The boy stepped forward a second later, eyes shining with admiration. "Thank you for saving me, Batman!"
"Get inside now," Batman ordered him and received an intense nod in return. Normally he would have made sure the boy got to safety, and escorted him there personally, but he had been slowed down enough. His work had been delayed unnecessarily by reactions he wasn't supposed to have in this costume.
He was a guardian, a knight, not a human. He would kill Joker and Harley if he had to, but he could not do so in front of the child. That was the one promise he intended to keep to her.
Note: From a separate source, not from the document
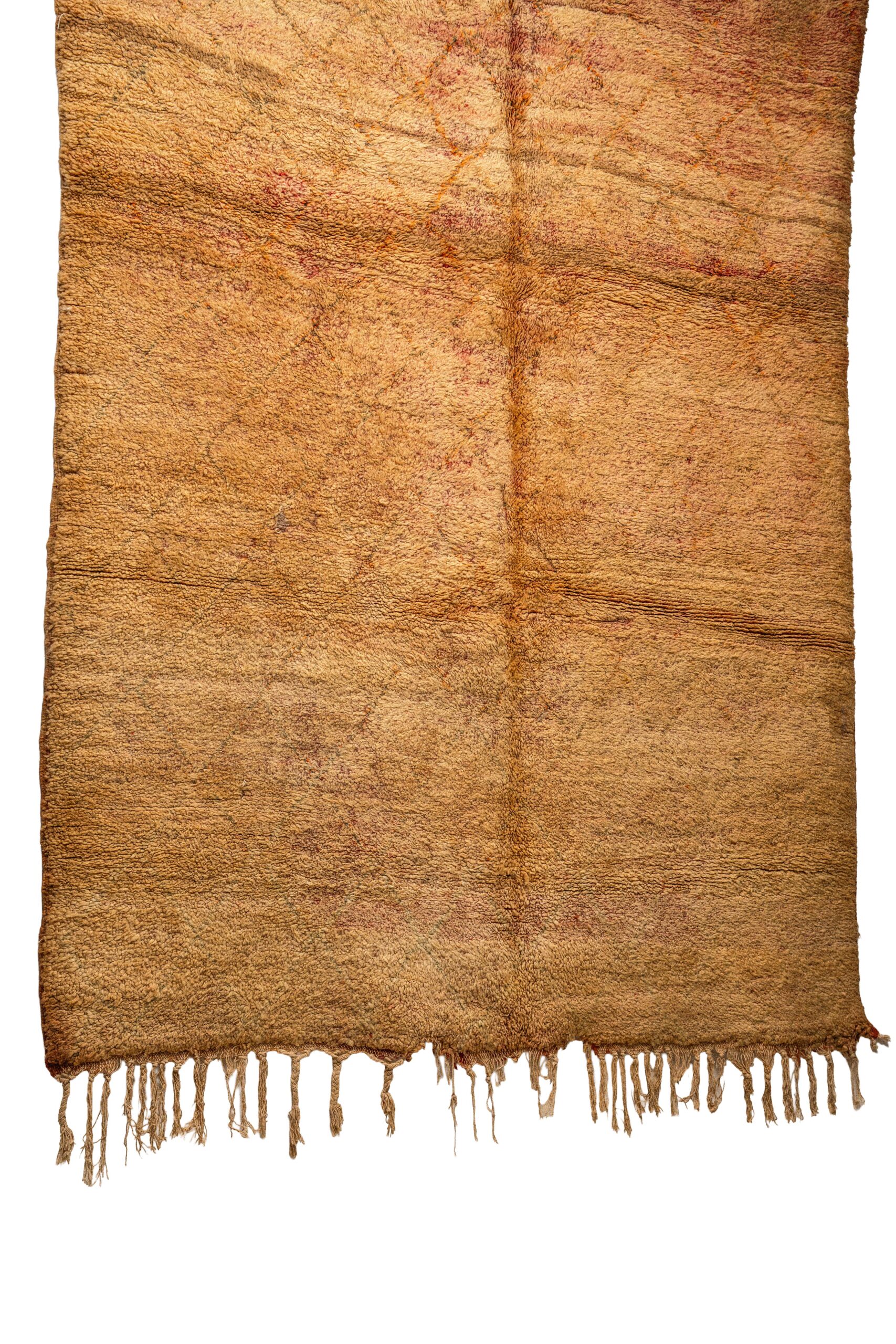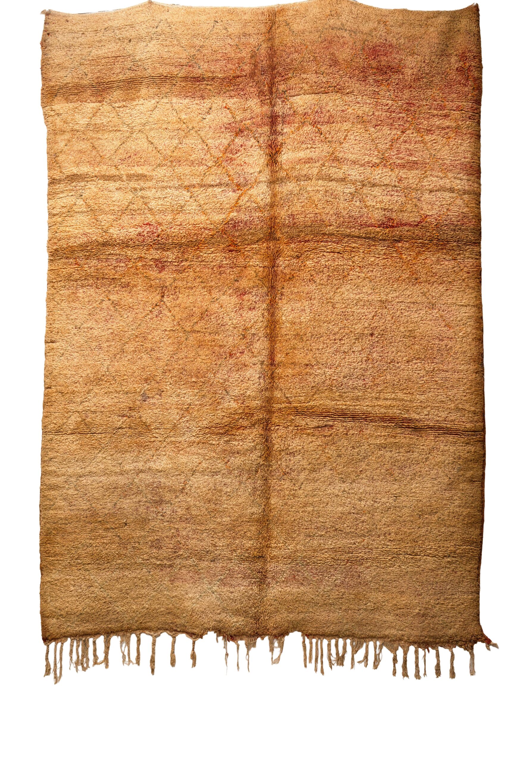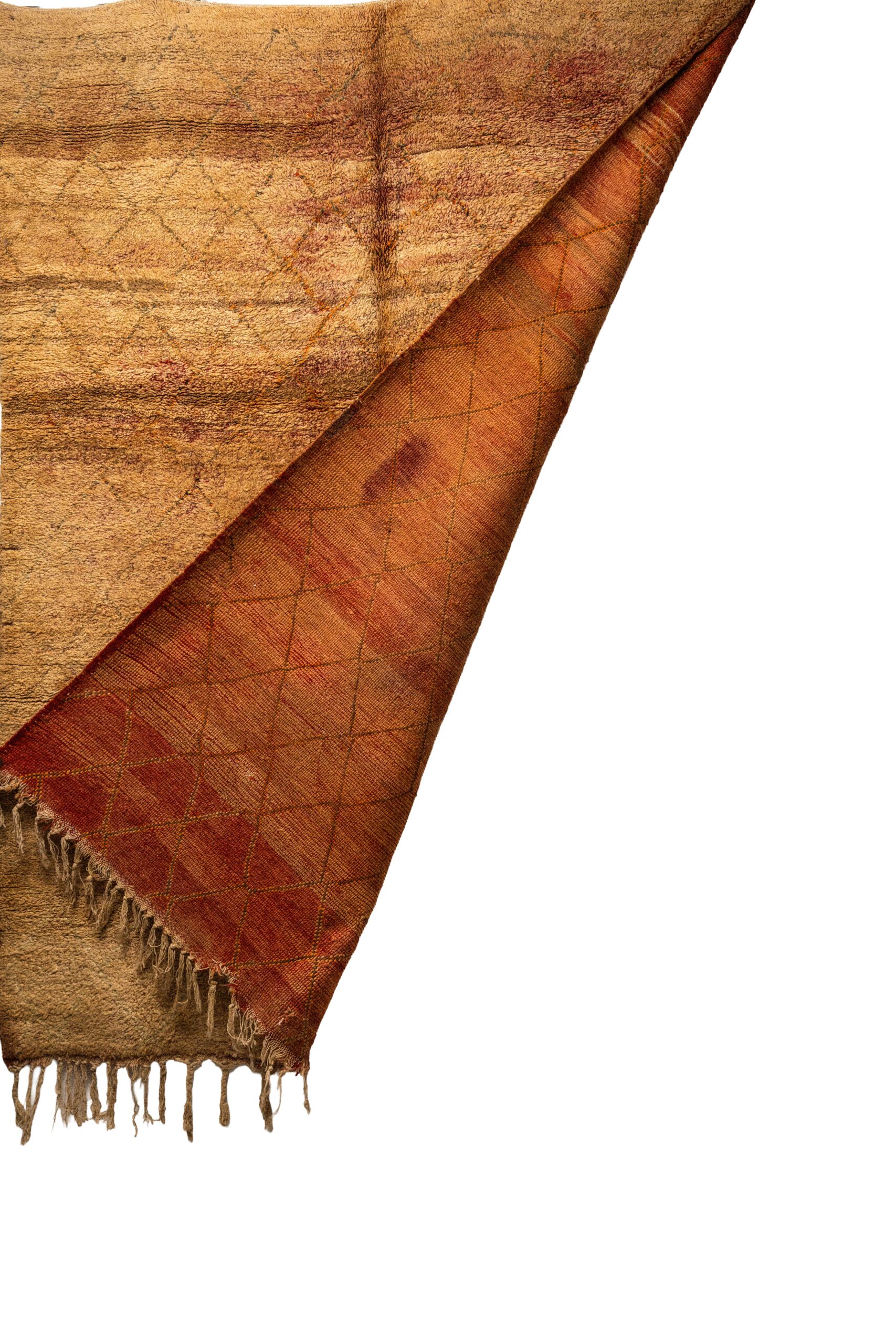 Subtle Geometric Design: Woven seamlessly into the rich, textural background is a classic Beni Ourain-style diamond lattice pattern. Rendered in slightly darker, reddish-brown tones, this subtle geometric design adds beautiful visual depth without overwhelming the rich, solid-color feel of the rug.

Harley put Jaylie down in a spot several blocks away once she was sure the Bat had lost track of them. A voice from above on a roof surprised them.
"He just couldn't resist, could he?" The voice cut through the sounds of the decreasing traffic and sirens, dripping with honey and poison. The figure was only a streak of red hair moving with the breeze, and the green leaves surrounding her.
"Red!" Harley beamed. "You know Puddin, he can't resist a playground."
With the help of a thick bunch of vines, Ivy landed next to them and leaned forward, giving Harley a light kiss on the cheek. "I'm glad you came to see it."
"Love what ya did with the place, by the way!" Harley held tight onto Jaylie's hand as they looked at the vines that had encased several government buildings completely. "I told Puddin' to leave your work alone today."
Ivy looked at Jaylie and the spores floating in the air around them. "Seems like the shots I gave her worked well. How is she feeling?"
The girl showed off all her teeth in a smile. "Fine."
"She's been so excited," Harley giggled, then sneezed again. "There's something about these flowers..."
Ivy suddenly moved, perking up as if she smelled something. "Hurry up and get out, he's nearby. My plants feel it."
There was no doubt about who she was referring to, and Harley looked around as the sounds of gunshots came closer. "Take her to one of my buildings, she'll be safe," Ivy said before she disappeared in a cloud of spores and dust.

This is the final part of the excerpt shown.